6. The skin texture detection method according to claim 1, characterized in that, Establishing the correlation between the spectral image of each preset band and the multiple preset components also includes: Calculate the gender and age correlation coefficients between the gender and age information of the spectral image data for each preset band and the data of the multiple preset components; Based on the gender correlation coefficient and age correlation coefficient, determine the gender weight and age weight of each preset component in the spectral image data of each preset band; The spectral image data of each preset band is weighted using the gender weight and the age weight to form the fused feature data; The machine learning model is trained based on the standard instrument detection data and the fused feature data to obtain the skin texture detection model.

7. The skin texture detection method according to claim 1, characterized in that, The correlation coefficients are calculated based on the Pearson algorithm.

8. The skin texture detection method according to claim 1, characterized in that, The preset ingredients include at least one of melanin, hemoglobin, collagen, oil, or water.

9. The skin texture detection method according to any one of claims 1-8, characterized in that, Also includes: The spectral image data of the skin to be detected is preprocessed; Determine the effective area of ​​the target; Spectral inversion is performed on the spectral image data of the skin to be detected in the target effective region to obtain the spectral image of the target effective region; Based on the spectral image of the target effective region, spectral images of multiple preset bands of the target effective region are obtained; Establish the correlation between the spectral image of each preset band of the target effective region and the multiple preset components.
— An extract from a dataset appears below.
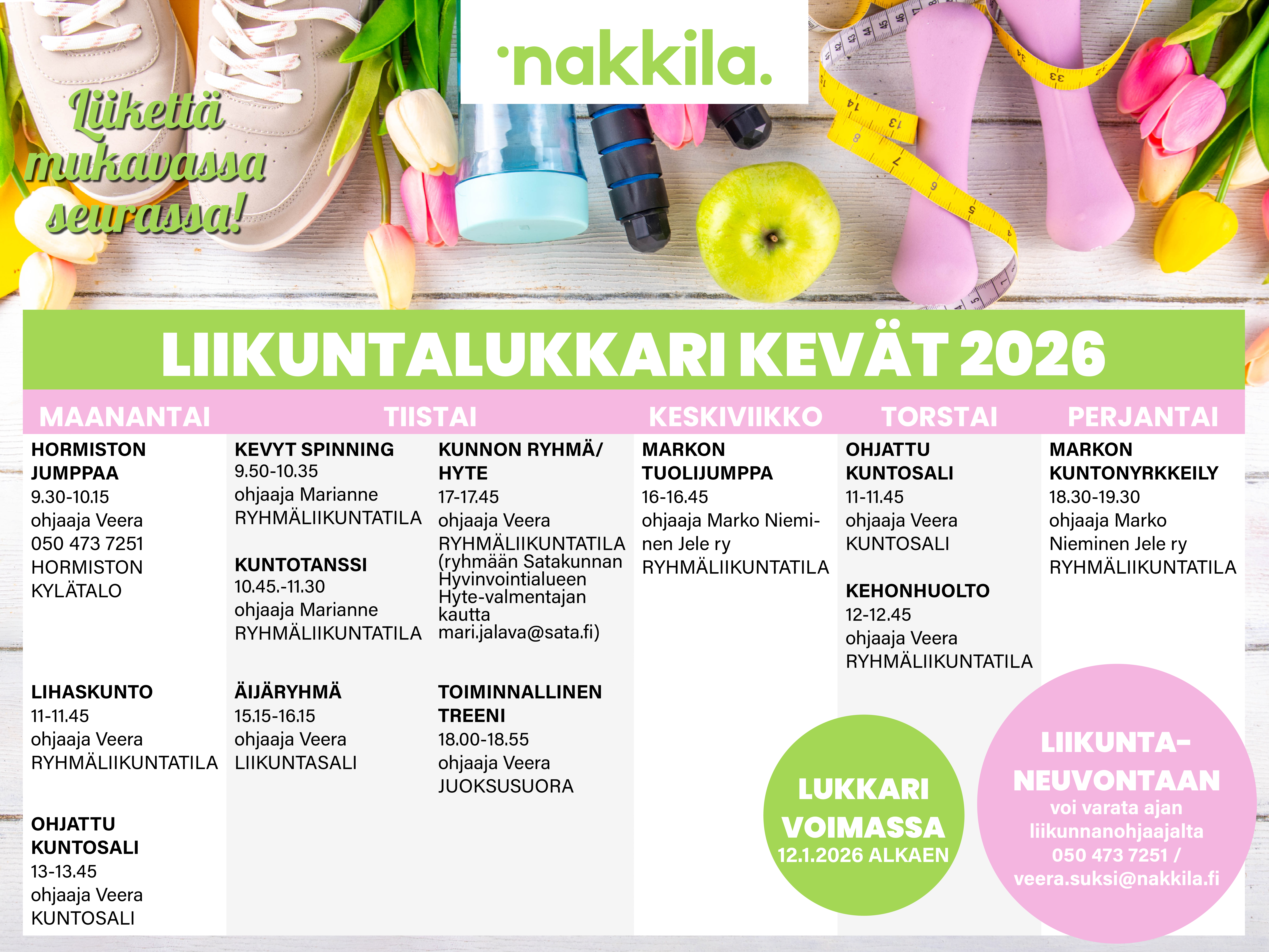 Varaamme oikeuden ohjelman muutoksiin. Mahdollisista muutoksista ilmoitamme osoitteessa www.nakkila.fi sekä äkillisistä muutoksista kunnan sosiaalisessa mediassa.

10. The skin texture detection method according to claim 9, characterized in that, Establishing the correlation between the spectral image of each preset band of the target effective region and the multiple preset components includes: Based on the characteristic bands of the multiple preset components in the spectral image of the skin to be detected, the data of the multiple preset components are obtained; Calculate the correlation coefficient between the spectral image data of each preset band of the target effective region and the data of the multiple preset components; Based on the correlation coefficient, the weight of each preset component in the spectral image data of each preset band is determined; The spectral image data of each preset band are weighted and fused using the weights to form the fused feature data to be detected.

11. The skin texture detection method according to claim 10, characterized in that, The skin spectral image data to be detected is input into the skin texture detection model, and the multi-dimensional skin texture detection results are output, including: The fused feature data to be detected is input into the skin texture detection model, and the multi-dimensional skin texture detection result is output.

12. A skin texture detection device, characterized in that, include: A processor configured to perform the skin texture detection method as described in any one of claims 1-11.

13. The skin texture detection device according to claim 12, characterized in that, Also includes: The system comprises a microlens array, a filter unit array, and a photoelectric sensor array coupled to the processor, arranged along an optical path. Each filter unit includes a filter sub-unit array configured to form multiple spectral channels. The photoelectric sensor is configured to convert incident light signals into electrical signals. The processor is configured to generate spectral image data of the skin sample or the skin to be tested based on the electrical signals. The spectral image data includes data from the multiple spectral channels, which cover the visible light band and the near-infrared band.

14. A computer-readable storage medium, characterized in that, It includes computer-executable instructions stored thereon, which, when executed by a processor, implement the skin texture detection method as described in any one of claims 1-11.